That size room? No problem. It's not like the C3 is *that* inefficient. [email protected] is pretty normal for a small standmount speaker. I am using less efficient speakers in a larger room and it's no problem at all. The C3 are pretty easy to drive.


----------



## needspeed52 (Aug 2, 2008)

warpdrive said:


> That size room? No problem. It's not like the C3 is *that* inefficient. [email protected] is pretty normal for a small standmount speaker. I am using less efficient speakers in a larger room and it's no problem at all. The C3 are pretty easy to drive.


Warp, Do you think the C3's are really that good, I was thinking of using three up front for LCR, I have outboard amplification for the front three and receiver for the other channels. I won't have any problems driving them. There are other speakers in this price range that I am considering, ie: Ascend 340SE's up front, I am really struggling to decide, I think you reviewed the C3's somewhere before, that's why I'm asking your advice on the C3's. My room is 14' X 26' X 8' and I have my rig setup on the long wall which opens up to another small room, so there is no left wall but I can compensate for that, they will be crossed over to an Epik Legend sub. Thanks my friend, look forward to your reply.
Jeff


----------



## alphaiii (Nov 30, 2007)

warpdrive said:


> That size room? No problem. It's not like the C3 is *that* inefficient. [email protected] is pretty normal for a small standmount speaker. I am using less efficient speakers in a larger room and it's no problem at all. The C3 are pretty easy to drive.


Well, they're rated at 87dB yes, but according to Stereophile, they measured around 83dB.
http://www.stereophile.com/content/nht-classic-three-loudspeaker-measurements

But good to know, in the real world, they aren't terribly difficult to drive.


----------



## warpdrive (May 6, 2007)

alphaiii said:


> Well, they're rated at 87dB yes, but according to Stereophile, they measured around 83dB.
> http://www.stereophile.com/content/nht-classic-three-loudspeaker-measurements
> 
> But good to know, in the real world, they aren't terribly difficult to drive.

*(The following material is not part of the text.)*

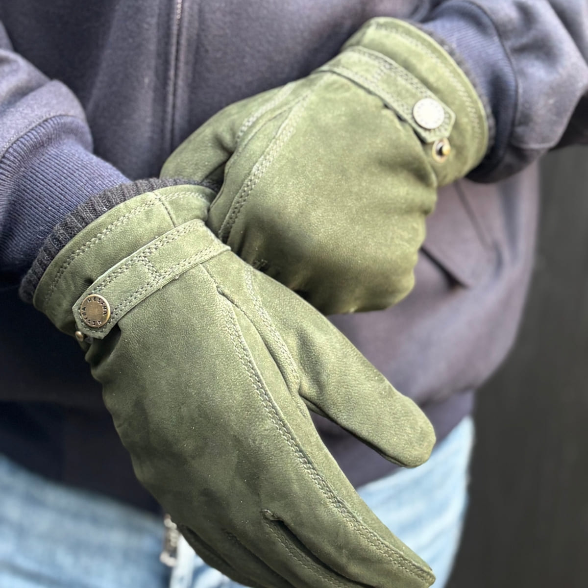 With a ribbed wool cuff and leather wrist strap with press stud, the gloves provide a perfect fit, while the pre-curved design ensures optimal freedom of movement and comfort. Versatile and practical, they are ideal for both urban wear and outdoor adventures in the countryside or forest.
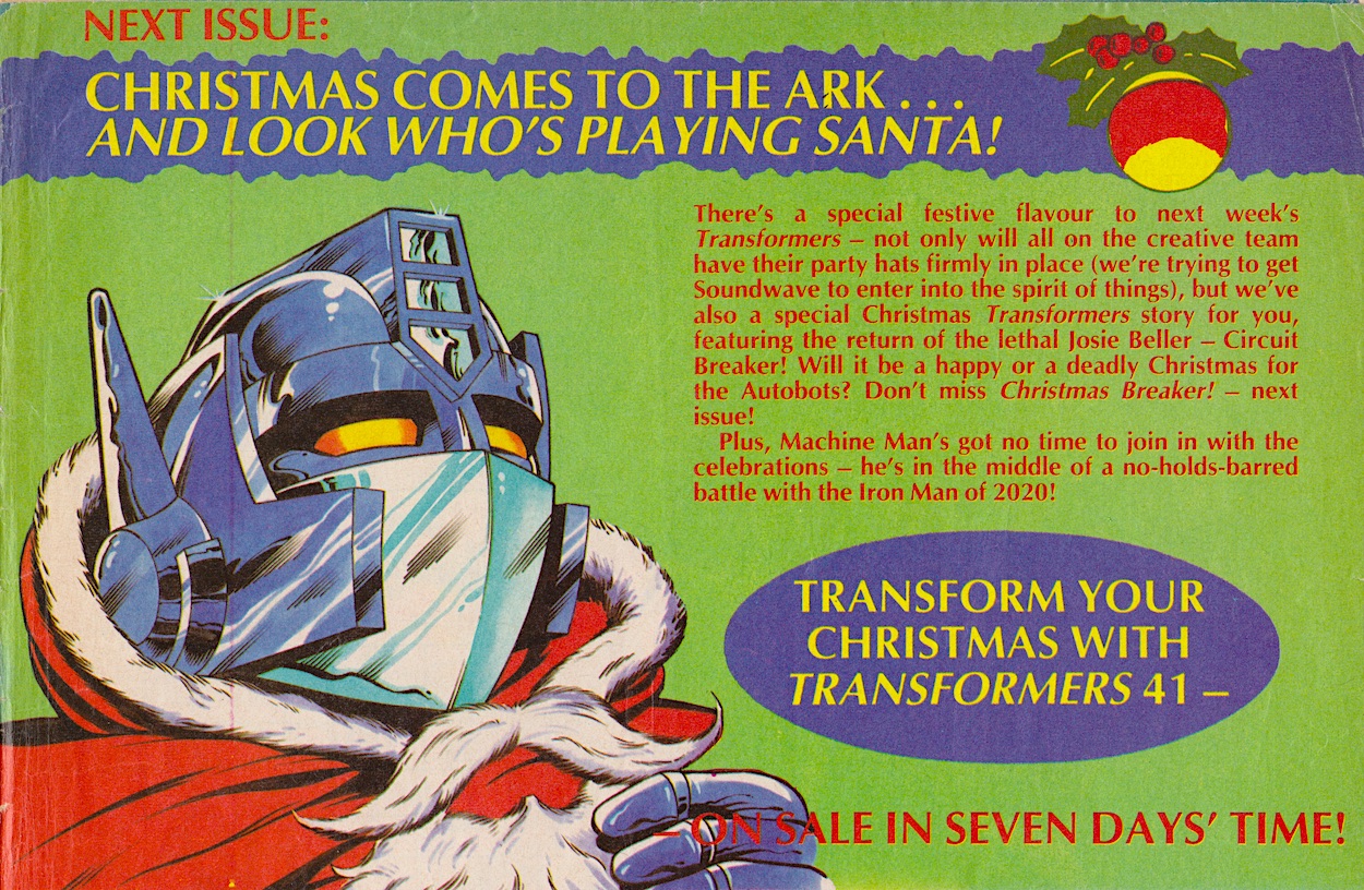There’s nothing else marking the season until we get to the final pages and that all-important Next Issue Promo with a very jolly-looking, fully costumed Optimus promoting the very first Transformers Christmas strip. Plus the return of Circuit Breaker! PLUS the Iron Man of 2020! Then there’s Prime dressed up as Santa Claus! What’s not to look forward to?

Ah I see. They were fine in my room. I even tried them out and had them hooked up to a Nuforce Icon and they actually played loud enough to fill a 18x14 room. The Nuforce was turned up to 3'o clock and on the verge of massive distortion, but it was still listenable and more than loud enough.


----------



## warpdrive (May 6, 2007)

needspeed52 said:


> Warp, Do you think the C3's are really that good, I was thinking of using three up front for LCR, I have outboard amplification for the front three and receiver for the other channels. I won't have any problems driving them. There are other speakers in this price range that I am considering, ie: Ascend 340SE's up front, I am really struggling to decide, I think you reviewed the C3's somewhere before, that's why I'm asking your advice on the C3's. My room is 14' X 26' X 8' and I have my rig setup on the long wall which opens up to another small room, so there is no left wall but I can compensate for that, they will be crossed over to an Epik Legend sub. Thanks my friend, look forward to your reply.
> Jeff


Yes I think they are excellent speakers, they are technically excellent, and have no glaring faults (which is more than I could say for a lot of others) of any sort. They are a do-it-all well type of speaker

*I* would buy them again if I had a need for them. 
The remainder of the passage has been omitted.